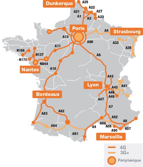- 34 autoroutes couvertes dont 24 en 4G (hors tunnels)La 4G également tout le long du périphérique parisien.
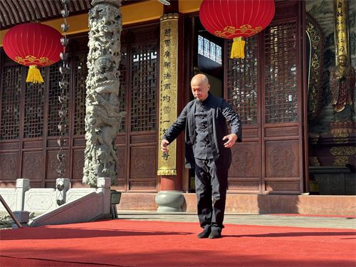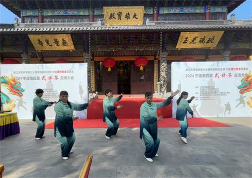 大会第三个节目为观音拳,由蛟龙太极队虞亚芬、崔银杏、孙意琴、虞海玲等表演。观音拳又称太极养生观音拳,是佛拳中的一种,其拳谱出自浙江天台护国寺善觉法师,由江慧丽老师创编,融合了陈氏太极拳、瑜伽、佛手印等多家法门。表演者身着练功法,于大殿前演练拳法,表情庄严,拳势优雅。
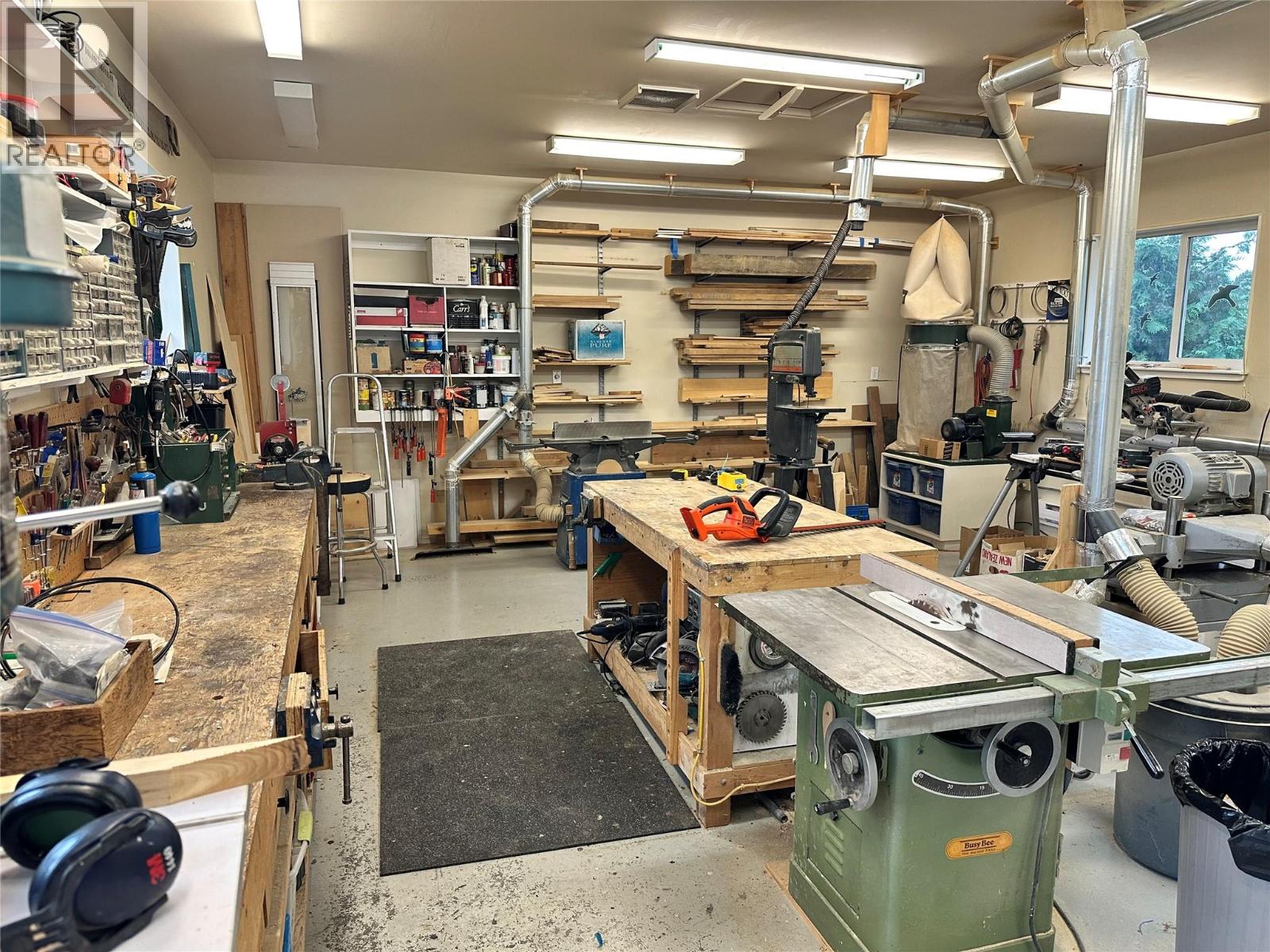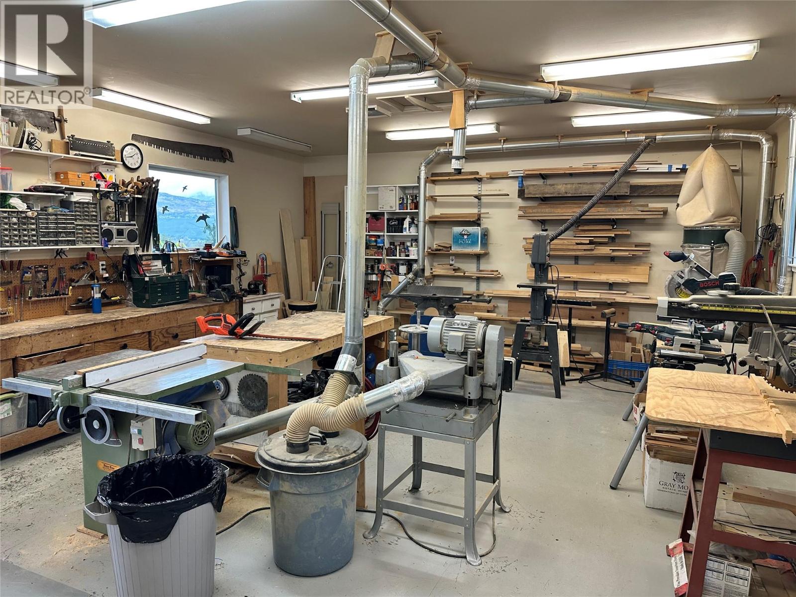 This charming family home offers a well-designed layout with pride of ownership evident throughout. It features 3 bedrooms and 3 bathrooms, located on a quiet dead-end road just a short drive from downtown Vernon. The property includes a unique garden shed an impressive 560 sq.ft. insulated woodworking shop, perfect for hobbyists or professionals, with the owner open to selling the equipment and tools. Main highlights: Primary bedroom on main floor with walk-through ensuite. Modern kitchen with stainless steel appliances, large island, and formal dining area. Cozy living room with gas fireplace. Laundry room adjacent to a half bathroom and electric sauna. Upstairs with two bedrooms, a shared bathroom, and a versatile space for a desk or small library. Beautiful covered deck overlooking a manicured backyard with garden shed and views of Swan Lake, city, and mountains. Large double garage, RV parking, and additional guest parking. This home seamlessly combines comfort, functionality, and scenic views, making it a wonderful place for family living, entertaining, and hobbies. (id:21321)
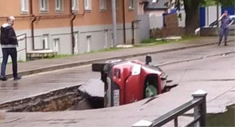 Rusya’da Kaliningrad kentinde bir caddede ilerleyen araç, bir anda asfaltın çökmesiyle açılan çukura düştü. Sürücüyü çevredekiler kurtardı.
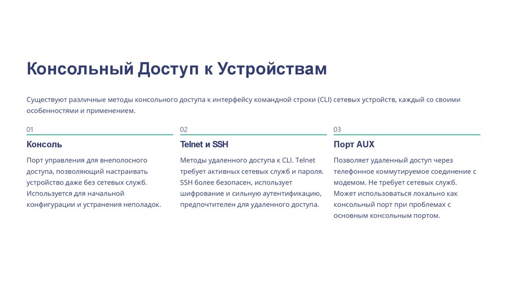 Консольный Доступ к УстройствамСуществуют различные методы консольного доступа к интерфейсу командной строки (CLI) сетевых устройств, каждый со своими
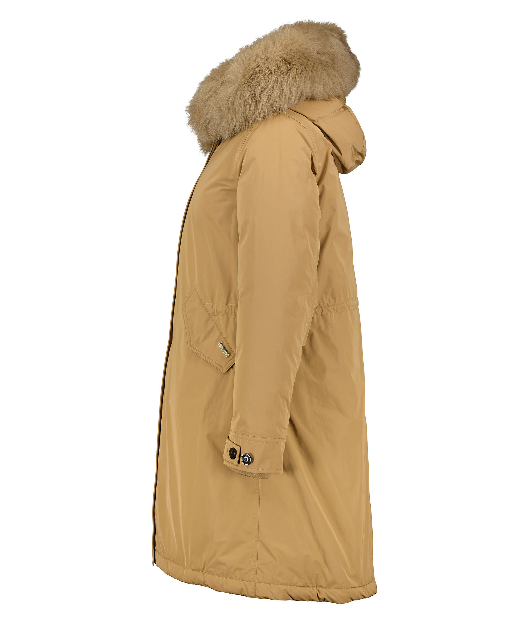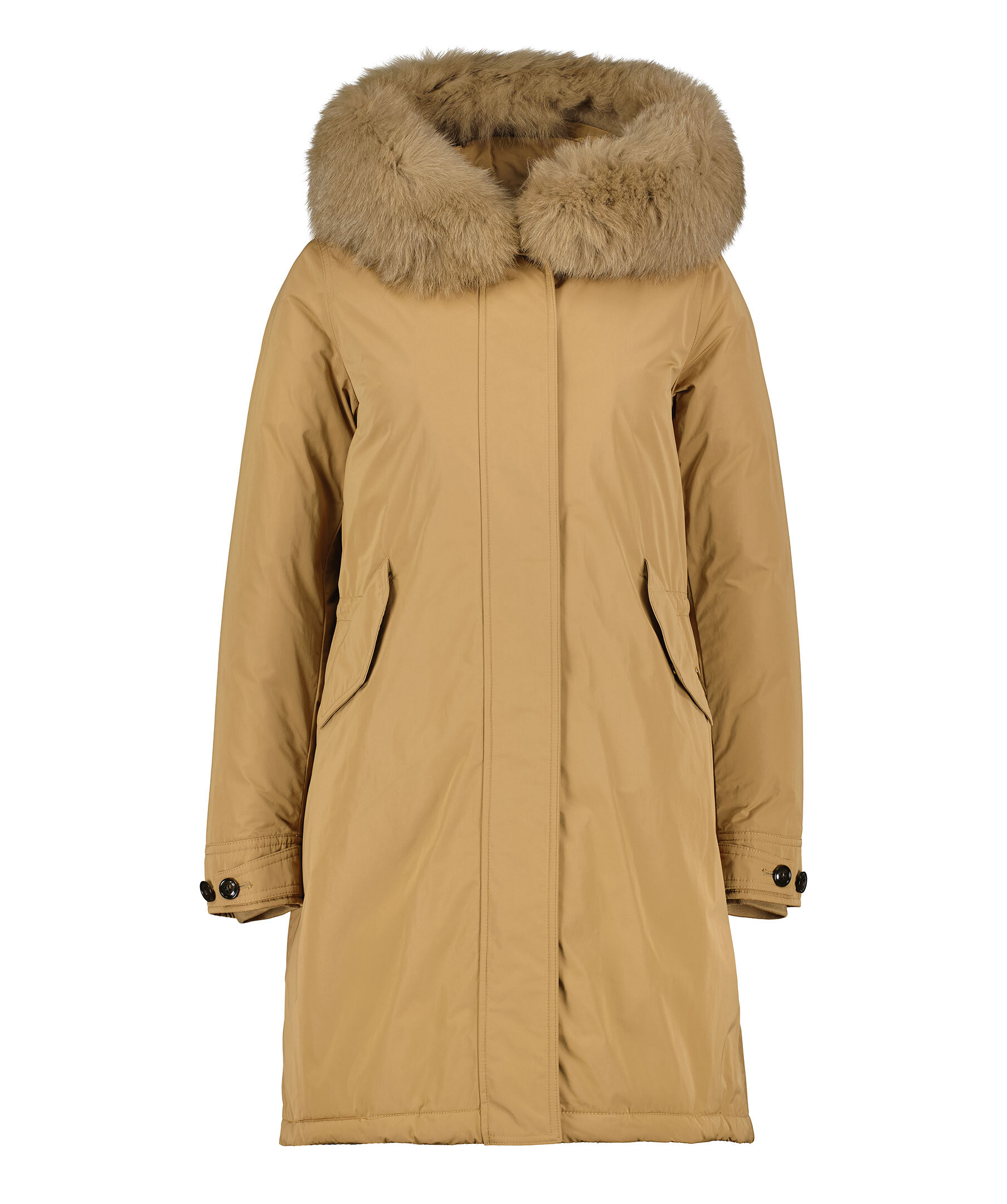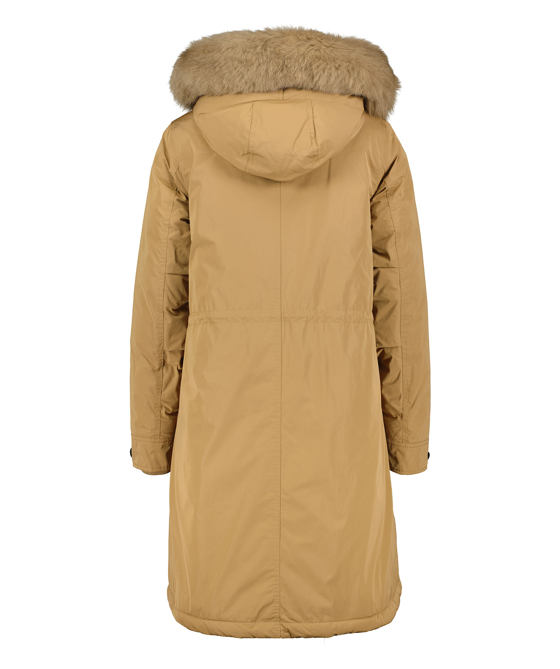 Kamelfärgad dunparkas från Woolrich. Stängs framtill med dragkedja och tryckknappar. Två fickor framtill som stängs med ficklock och tryckknapp, två innerfickor. Dragsko i midjan och jackslut. Luva med dragsko och avtagbar pälskrage. Justerbara ärmslut, ribbstickade muddar. Modellen är 178cm lång och har storlek S på sig.
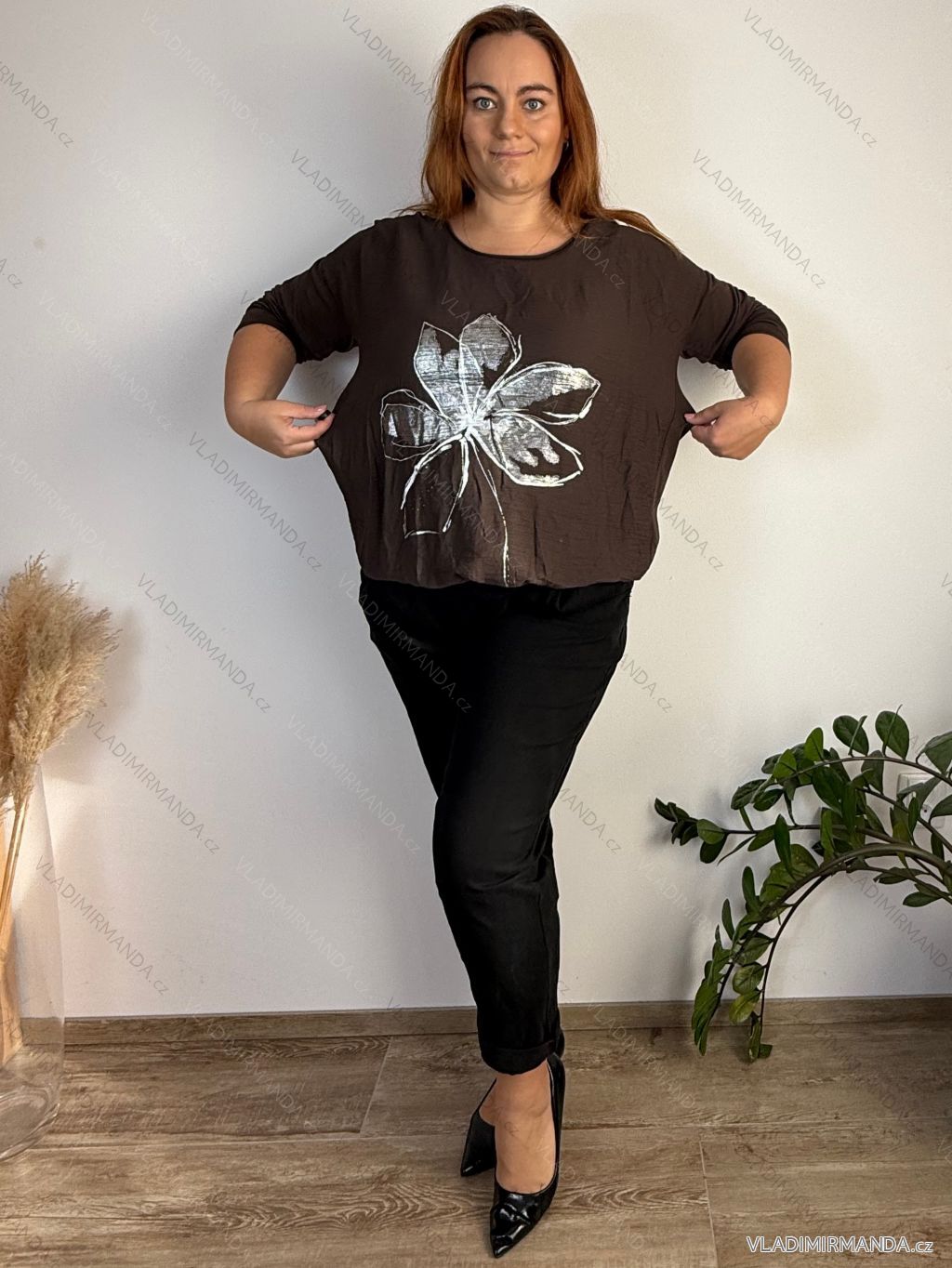 GOODS (120108) > Women's clothing (81367) > Tops, t-shirts, tunics and tank tops (12914) > T-shirts (5526) > T-shirts long sleeve oversized XXL (321) > Women's oversized stretch sweatpants (50/52 ONE SIZE) ITALIAN FASHION IM425016 Brown

────────────────

Task description:
From first line to last, return the records verbatim without their pictures.

Task response:
- 34 autoroutes couvertes dont 24 en 4G (hors tunnels)La 4G également tout le long du périphérique parisien.
 大会第三个节目为观音拳,由蛟龙太极队虞亚芬、崔银杏、孙意琴、虞海玲等表演。观音拳又称太极养生观音拳,是佛拳中的一种,其拳谱出自浙江天台护国寺善觉法师,由江慧丽老师创编,融合了陈氏太极拳、瑜伽、佛手印等多家法门。表演者身着练功法,于大殿前演练拳法,表情庄严,拳势优雅。
 This charming family home offers a well-designed layout with pride of ownership evident throughout. It features 3 bedrooms and 3 bathrooms, located on a quiet dead-end road just a short drive from downtown Vernon. The property includes a unique garden shed an impressive 560 sq.ft. insulated woodworking shop, perfect for hobbyists or professionals, with the owner open to selling the equipment and tools. Main highlights: Primary bedroom on main floor with walk-through ensuite. Modern kitchen with stainless steel appliances, large island, and formal dining area. Cozy living room with gas fireplace. Laundry room adjacent to a half bathroom and electric sauna. Upstairs with two bedrooms, a shared bathroom, and a versatile space for a desk or small library. Beautiful covered deck overlooking a manicured backyard with garden shed and views of Swan Lake, city, and mountains. Large double garage, RV parking, and additional guest parking. This home seamlessly combines comfort, functionality, and scenic views, making it a wonderful place for family living, entertaining, and hobbies. (id:21321)
 Rusya’da Kaliningrad kentinde bir caddede ilerleyen araç, bir anda asfaltın çökmesiyle açılan çukura düştü. Sürücüyü çevredekiler kurtardı.
 Консольный Доступ к УстройствамСуществуют различные методы консольного доступа к интерфейсу командной строки (CLI) сетевых устройств, каждый со своими
 Kamelfärgad dunparkas från Woolrich. Stängs framtill med dragkedja och tryckknappar. Två fickor framtill som stängs med ficklock och tryckknapp, två innerfickor. Dragsko i midjan och jackslut. Luva med dragsko och avtagbar pälskrage. Justerbara ärmslut, ribbstickade muddar. Modellen är 178cm lång och har storlek S på sig.
 GOODS (120108) > Women's clothing (81367) > Tops, t-shirts, tunics and tank tops (12914) > T-shirts (5526) > T-shirts long sleeve oversized XXL (321) > Women's oversized stretch sweatpants (50/52 ONE SIZE) ITALIAN FASHION IM425016 Brown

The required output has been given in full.